WHAT YOU SHOULD DO ::
In every line of the records, look for "Gemeindehaus", then report how many lines have it and nothing else.

*** Opening INPUT DATA ***

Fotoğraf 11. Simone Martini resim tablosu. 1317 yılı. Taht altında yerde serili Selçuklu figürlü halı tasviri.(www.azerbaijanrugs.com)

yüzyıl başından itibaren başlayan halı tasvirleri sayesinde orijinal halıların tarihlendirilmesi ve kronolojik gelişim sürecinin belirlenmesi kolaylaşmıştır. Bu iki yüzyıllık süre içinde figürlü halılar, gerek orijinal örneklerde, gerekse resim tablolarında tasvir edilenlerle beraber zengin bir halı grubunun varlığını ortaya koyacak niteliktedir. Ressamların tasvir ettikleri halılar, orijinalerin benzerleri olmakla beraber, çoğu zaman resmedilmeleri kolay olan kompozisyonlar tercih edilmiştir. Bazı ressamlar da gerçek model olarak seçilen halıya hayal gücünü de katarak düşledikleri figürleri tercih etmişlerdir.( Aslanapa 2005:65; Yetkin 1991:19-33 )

*** Closing INPUT DATA ***
*** Opening INPUT DATA ***

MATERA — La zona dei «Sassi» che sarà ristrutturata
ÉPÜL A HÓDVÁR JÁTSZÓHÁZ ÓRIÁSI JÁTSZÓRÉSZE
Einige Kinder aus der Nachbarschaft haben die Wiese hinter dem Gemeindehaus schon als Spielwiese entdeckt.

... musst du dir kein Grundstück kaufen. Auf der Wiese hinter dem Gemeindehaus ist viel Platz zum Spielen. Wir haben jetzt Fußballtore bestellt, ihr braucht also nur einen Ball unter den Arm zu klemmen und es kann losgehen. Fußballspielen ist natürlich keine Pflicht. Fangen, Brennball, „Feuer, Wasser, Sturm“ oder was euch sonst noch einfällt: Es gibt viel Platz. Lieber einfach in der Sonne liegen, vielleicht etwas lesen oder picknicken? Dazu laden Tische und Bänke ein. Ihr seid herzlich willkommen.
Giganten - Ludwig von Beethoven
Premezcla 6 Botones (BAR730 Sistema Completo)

*** Closing INPUT DATA ***

YOUR RESPONSE ::
2